Click Next, then enter your Microsoft account details to log in. If you don't already have a Microsoft account, click Create one.
The final two steps ask if you'd rather use a PIN that in place of a password, and whether you want to store your files on OneDrive or the local virtual machine. When you've decided what you want to do in each instance, Windows reboots one last time before presenting your with the desktop.
For the full Windows 10 experience, you can use Boot Camp. You'll need a USB drive with at least 16GB of free space to add the Windows 10 installer and the necessary Boot Camp files. Check for software updates to make sure macOS, your Mac firmware, and Boot Camp Assistant are up to date.
You'll also need at least 30GB of space free on your Mac to give to the Windows partition. Boot Camp will take the Windows ISO file and create a boot disk that can be used to install Windows on your Mac.
1. Download the Windows 10 Disc Image. Choose 64-bit download.

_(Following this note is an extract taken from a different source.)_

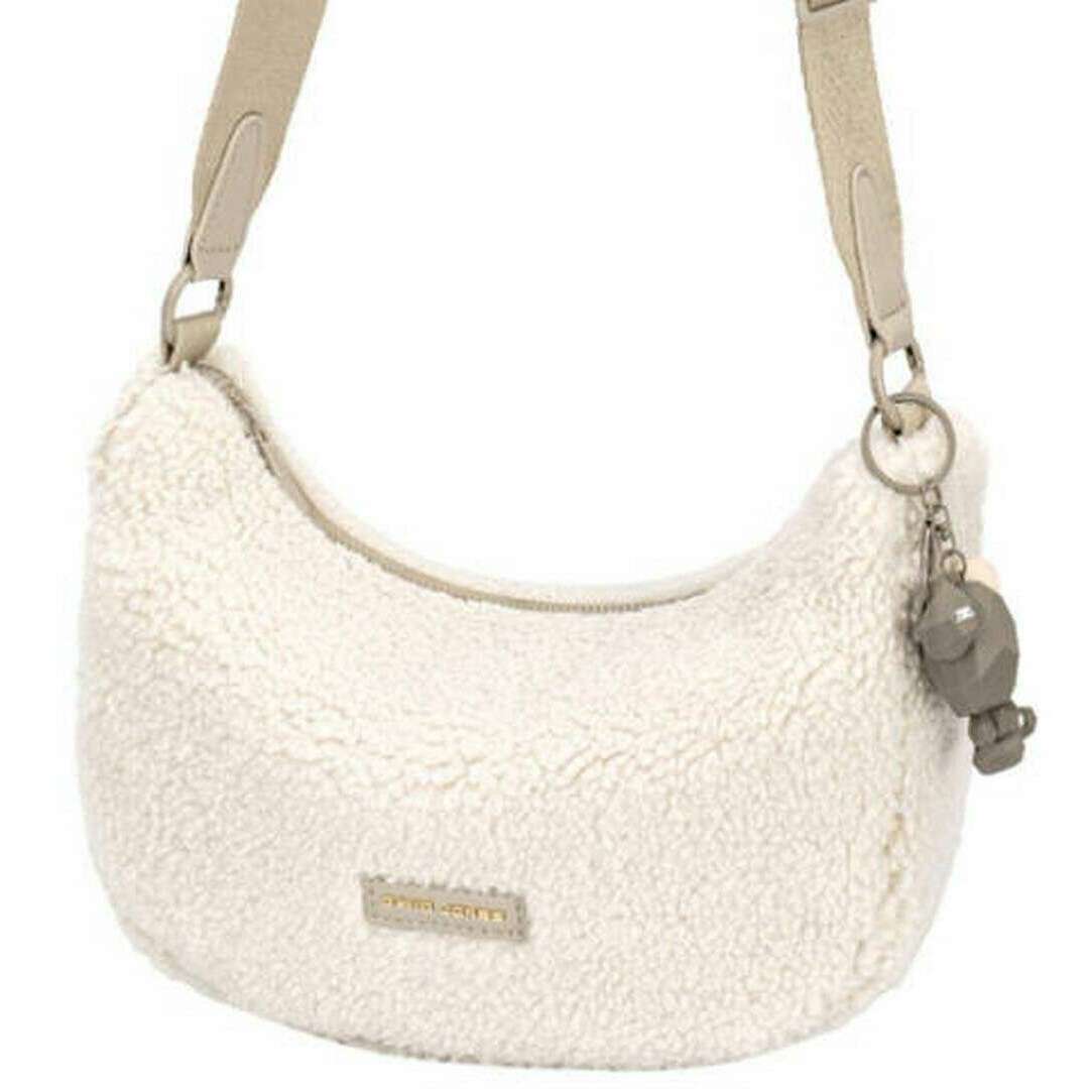 Perfect for women is this David Jones beige faux fur sling bag, it is also made from 95% polyester and 5% polyurethane. It measures 17cm(height) x 22cm(width) x 10cm(depth). All the bags come complete with david jones packaging. The David Jones Faux Fur Sling Bag - Beige is a stylish and versatile accessory designed to add functionality and style to your wardrobe. This bag with a zippered closure also features interior pockets to keep your belongings safe and accessible. Its chic and modern faux fur effect design, exuding contemporary elegance with an adjustable strap which allows you to customise the fit to your preference. You can wear it comfortably over the shoulder or across the body for hands-free convenience. Complete with a cute charm and David Jones branding.

2. Make sure macOS, your Mac firmware, and Boot Camp Assistant are up to date.
3. Once you have the Windows 10 ISO downloaded (see above), open the Boot Camp assistant. Tick the following boxes: Create a Windows 10 install disk; and Install Windows 10.

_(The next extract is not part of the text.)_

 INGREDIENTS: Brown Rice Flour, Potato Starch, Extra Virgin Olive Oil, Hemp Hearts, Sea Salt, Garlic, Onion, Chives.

4. Insert the USB drive and select the Windows 10 ISO file via the Boot Camp Assistant.
5. Boot Camp will copy the Windows 10 ISO and all the Boot Camp drivers needed to run Windows to the USB stick. After some time your USB drive will become a Windows 10 boot disk.
6. The next step is crucial: you need to partition your hard drive. This means choosing how much storage to give to Windows 10 and take away from macOS. The recommended minimum is 20GB, but 30GB or more is better. Windows 10 itself will take up a lot of space, so hand over as much as you can afford.

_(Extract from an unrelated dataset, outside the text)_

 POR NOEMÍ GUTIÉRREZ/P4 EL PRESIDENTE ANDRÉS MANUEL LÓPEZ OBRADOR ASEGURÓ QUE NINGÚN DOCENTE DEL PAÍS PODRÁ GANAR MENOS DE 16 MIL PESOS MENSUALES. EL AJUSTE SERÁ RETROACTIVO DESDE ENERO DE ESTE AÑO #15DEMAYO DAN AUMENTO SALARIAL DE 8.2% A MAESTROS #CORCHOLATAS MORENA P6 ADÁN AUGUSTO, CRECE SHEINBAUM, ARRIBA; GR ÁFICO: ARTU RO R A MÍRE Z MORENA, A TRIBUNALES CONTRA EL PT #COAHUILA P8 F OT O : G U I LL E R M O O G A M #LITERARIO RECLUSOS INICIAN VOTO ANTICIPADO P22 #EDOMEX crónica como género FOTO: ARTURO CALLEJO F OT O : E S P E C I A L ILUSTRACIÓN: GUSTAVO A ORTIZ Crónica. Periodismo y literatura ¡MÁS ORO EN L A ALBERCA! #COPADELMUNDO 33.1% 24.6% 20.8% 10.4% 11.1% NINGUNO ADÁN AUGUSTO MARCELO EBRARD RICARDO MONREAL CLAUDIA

7. Once you have set the required space, click Install. Windows 10 will start to install.
8. As this is happening you will see Windows restart a few times. Things are working well if after a while you hit the 'We're getting your PC ready' screen. Don't worry if this is on-screen for a quarter of an hour or so.
9. Once the process is finished your computer will reboot. It should reboot into Windows 10 so you can see the Windows set up screen, but it isn't a problem if it reboots to macOS. Regardless, whenever you reboot, if you hold the Option/Alt key you will see a menu from which you can select which operating system to launch.
10. Next enter your product key and select your Windows Boot Camp partition to install Window on.
11. Follow the installation process. Once installed the Mac will boot into Windows 10.
12. Now you need to install the Boot Camp drivers that are on the USB stick. Locate them and run setup.exe to install them.
Now you will have Windows 10 on your Mac. Enjoy!
Update an existing Windows Boot Camp partition
You can also upgrade existing 64-bit installations of Windows 7, or 8.1 to Windows 10. You need at least 10GB of free space on your Windows partition. If you have Windows 8.0 you will need to update to Windows 8.1 before upgrading to Windows 10.
Can I run macOS on a Windows PC?
What about the opposite scenario? Is it possible to run macOS on a PC?
In a word: no. It is one of those ironies that although Microsoft is famed for its aggressive commercial practices, Apple is responsible for this particular impasse. Although you can run Windows on any X86 computer, Apple makes its own macOS software available only on Mac software.
Overtly the reasoning is laudable: macOS is designed to run on Apple's own hardware, and the experience wouldn't be as good on any old computer. This is one reason why you will never run an underpowered Mac.
But it is also fair to say that Apple creates software in order to sell hardware. The excellence of macOS is a killer app when it comes to selling Macs, and it doesn't want to share. So if you want to experience the best of all worlds, you need to run Windows on your Mac.